Поступательно разворачивающееся, участное мышление, стало быть, такой подход к действительности, когда человеческое бытие стремятся находить, утверждать в целостности, единстве. Здесь человек живет с бытием и в мире, не отпавши от них. Это мировидение, говорит Роменец, было характерно всем великим системам и мыслителям в той либо иной форме на всем протяжении истории философии: «осознанно и выраженно — в Средние века, V бессознательно и замаскировано — в системах философии и психологии XIX — XX ст. » [7, с. 7].

Надо понимать, поступок не просто обеспечивает человеку возможность осуществиться в единстве со своим окружением. Он есть творчество, создание нового, следовательно, обновление человеческого бытия. Другими словами, — и человека, и бытия.

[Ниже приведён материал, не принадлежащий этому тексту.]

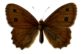 *Minois (ex Enodia, Satyrus) dryas Scopoli, 1763 [Nymphalidae, Satyrinae, Satyrini]: a satyrine with a wingspan of 45–60 mm. In flight it appears to be entirely black. However, in the females there are two blue eyespots on each of its forewings. It used to fly in temperate Eurasia from SW Europe to Japan, up to 1,500 metres, on open and woodland meadows; in Europe, it is on the decline. *Glory 86; Lep1 32 & Ac: Mínois drýas • En: Dryad • Fr: le grand nègre des bois • Ge: Blauäugiger Waldportier • It: driade • Ru: сатир Дриада, бархатница дриада • Sp: ojos azules
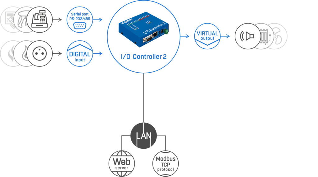RS-232 (485) seri port ve sayısal I/O – Ethernet çevirici

По крайней мере, — в их единстве, выражающем человеческое бытие, событие и со-бытие. И как таковой, служа становлению человека, человеческого бытия, поступок сам есть становление. На эту-то особенность поступка авторы, исследующие идеи поступка у Бахтина и Роменца, как-то мало акцентируют. А между тем, Роменец подмечает, что Бахтин ведет речь о поступке как становлении (поступке-становлении). И даже — становящемся поступке. Верно, конечно, в поступке мы далеко не только реализуем собственные «хотения» (к тому же, сугубо производяще-технические), не только удовлетворяем свои потребности (пусть даже бытийно). Здесь имеет место становление. Непосредственно в поступке и благодаря ему (как аттрактору, точке бифуркации и своеобразному скачку), прекращается один порядок вещей и утверждается реальность новой меры. Опять же — не единственно человека с его интересами (того хуже, низведенными до производящих, потребительских). И бытие (мать-природа), коль скоро оно соприсутствует человеку, образуя в единстве с последним человеческое бытие, становится в поступке. Лишь так дело должно быть понято. Иначе, добиться единения человека, бытия и мира, — преодолеть извечный «раскол», отпадение человека от бытия, равно, понять подлинные корни перемен в человеческой жизни, — не удастся. При этом и поступок не следует сводить лишь к жизнепроявлению какого-либо отдельно взятого человека, кем и где бы он ни был. Поступать способны и объединения людей, коль скоро они исторически творят в соприсутствии бытия…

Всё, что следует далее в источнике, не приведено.